EXTRACTED INFORMATION:
○ ○ ○ ○

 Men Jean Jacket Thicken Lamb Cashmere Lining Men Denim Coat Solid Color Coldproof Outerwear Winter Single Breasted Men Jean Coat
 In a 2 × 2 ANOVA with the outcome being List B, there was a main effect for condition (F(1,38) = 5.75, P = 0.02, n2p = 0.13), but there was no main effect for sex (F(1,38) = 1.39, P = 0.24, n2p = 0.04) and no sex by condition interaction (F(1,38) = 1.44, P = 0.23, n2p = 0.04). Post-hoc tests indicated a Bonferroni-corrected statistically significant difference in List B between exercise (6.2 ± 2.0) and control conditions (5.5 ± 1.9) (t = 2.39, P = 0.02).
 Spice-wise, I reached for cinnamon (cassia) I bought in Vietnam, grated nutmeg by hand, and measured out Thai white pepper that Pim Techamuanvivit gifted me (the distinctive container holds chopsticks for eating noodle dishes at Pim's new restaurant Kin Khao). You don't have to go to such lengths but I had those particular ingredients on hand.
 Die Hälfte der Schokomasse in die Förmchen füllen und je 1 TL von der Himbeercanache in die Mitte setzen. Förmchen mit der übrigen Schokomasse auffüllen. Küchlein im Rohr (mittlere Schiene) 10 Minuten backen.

○ ○ ○ ○

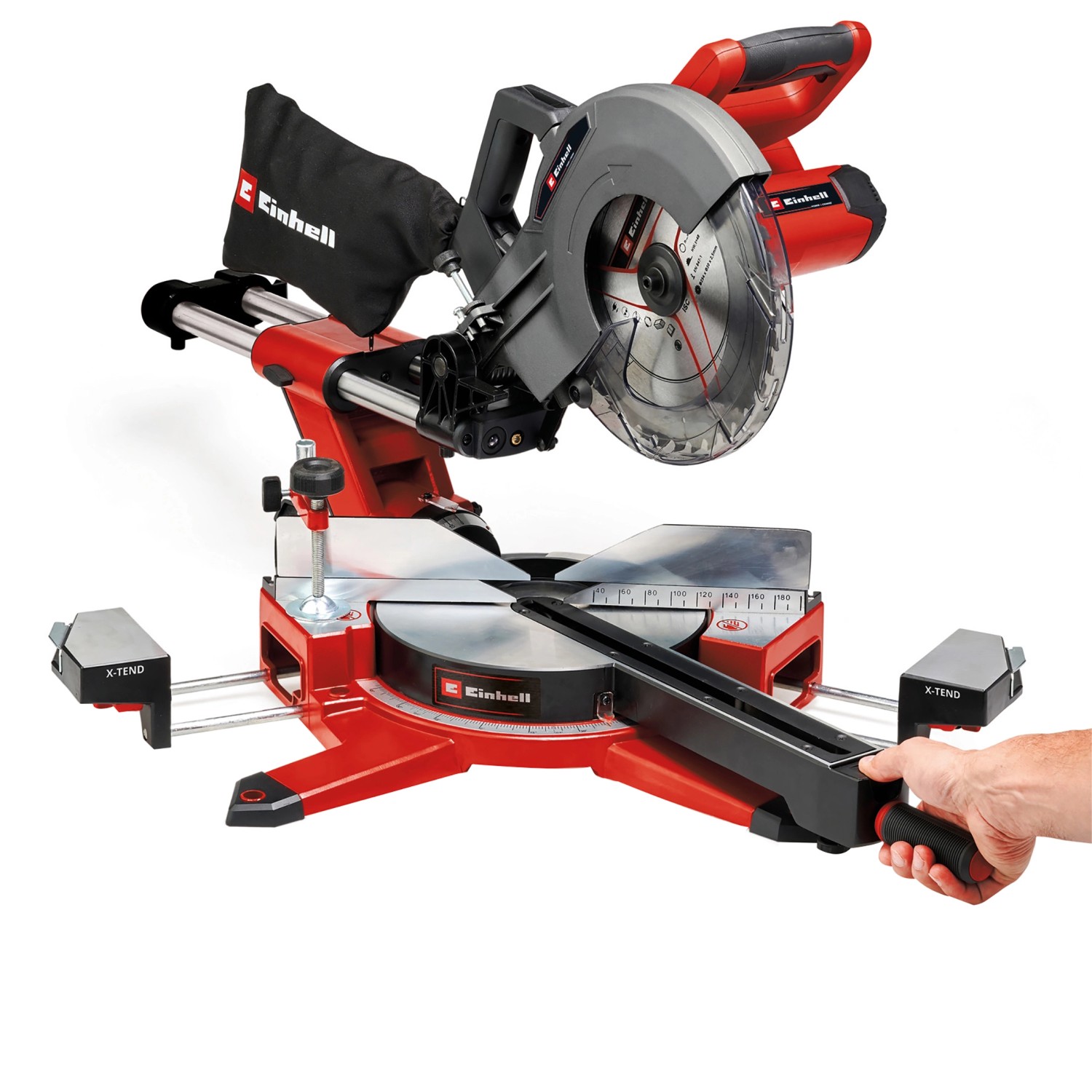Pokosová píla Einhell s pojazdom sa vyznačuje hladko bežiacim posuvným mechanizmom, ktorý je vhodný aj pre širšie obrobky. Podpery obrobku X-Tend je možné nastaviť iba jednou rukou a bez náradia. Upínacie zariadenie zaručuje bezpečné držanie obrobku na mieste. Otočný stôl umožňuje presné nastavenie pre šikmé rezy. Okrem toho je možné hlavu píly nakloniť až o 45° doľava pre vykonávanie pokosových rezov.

○ ○ ○ ○

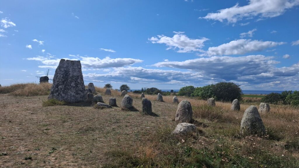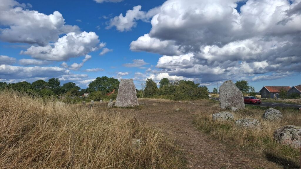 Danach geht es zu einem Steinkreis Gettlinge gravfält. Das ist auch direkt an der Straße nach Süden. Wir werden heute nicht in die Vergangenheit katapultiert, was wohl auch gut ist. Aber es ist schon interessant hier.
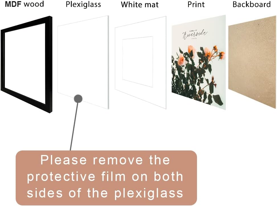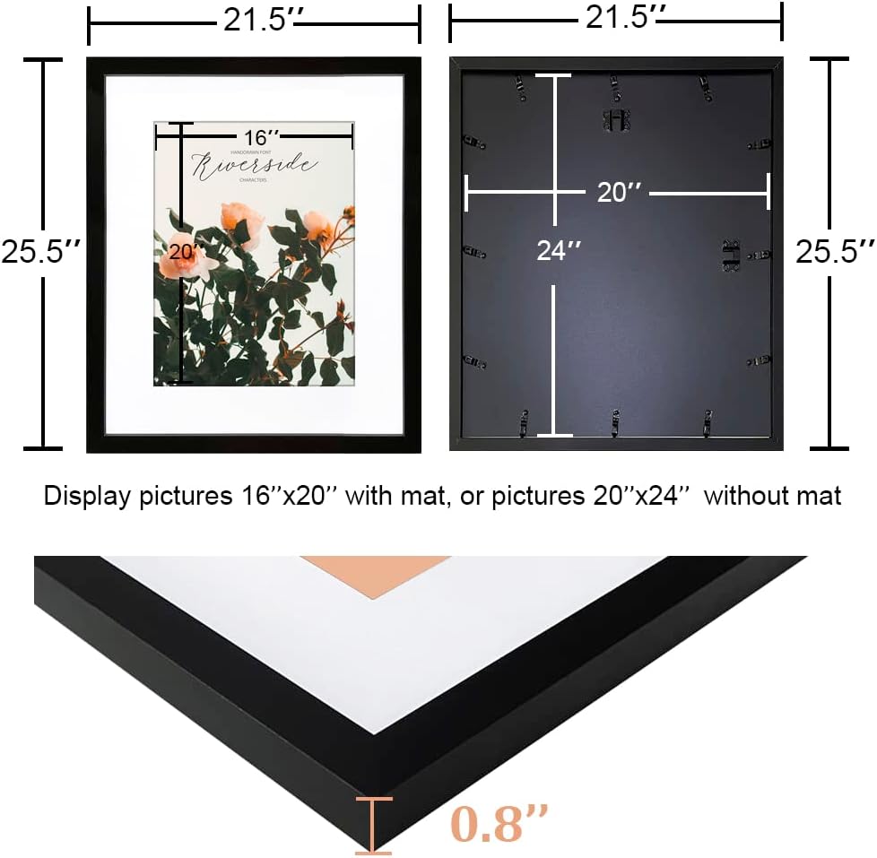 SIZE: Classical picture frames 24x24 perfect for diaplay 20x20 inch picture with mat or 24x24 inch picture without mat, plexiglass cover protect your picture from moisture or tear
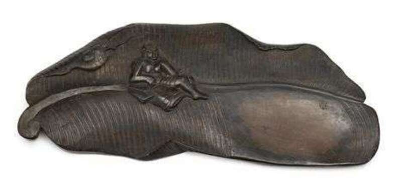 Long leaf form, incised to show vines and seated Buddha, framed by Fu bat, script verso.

○ ○ ○ ○

EXERCISE: Starting at the line above that contains "SIZE: Classical picture", transcribe every line exactly through the line that contains "Long leaf form, incised", including that last one, and skip the pictures.

ANSWER TO THE PROBLEM:
 SIZE: Classical picture frames 24x24 perfect for diaplay 20x20 inch picture with mat or 24x24 inch picture without mat, plexiglass cover protect your picture from moisture or tear
 Long leaf form, incised to show vines and seated Buddha, framed by Fu bat, script verso.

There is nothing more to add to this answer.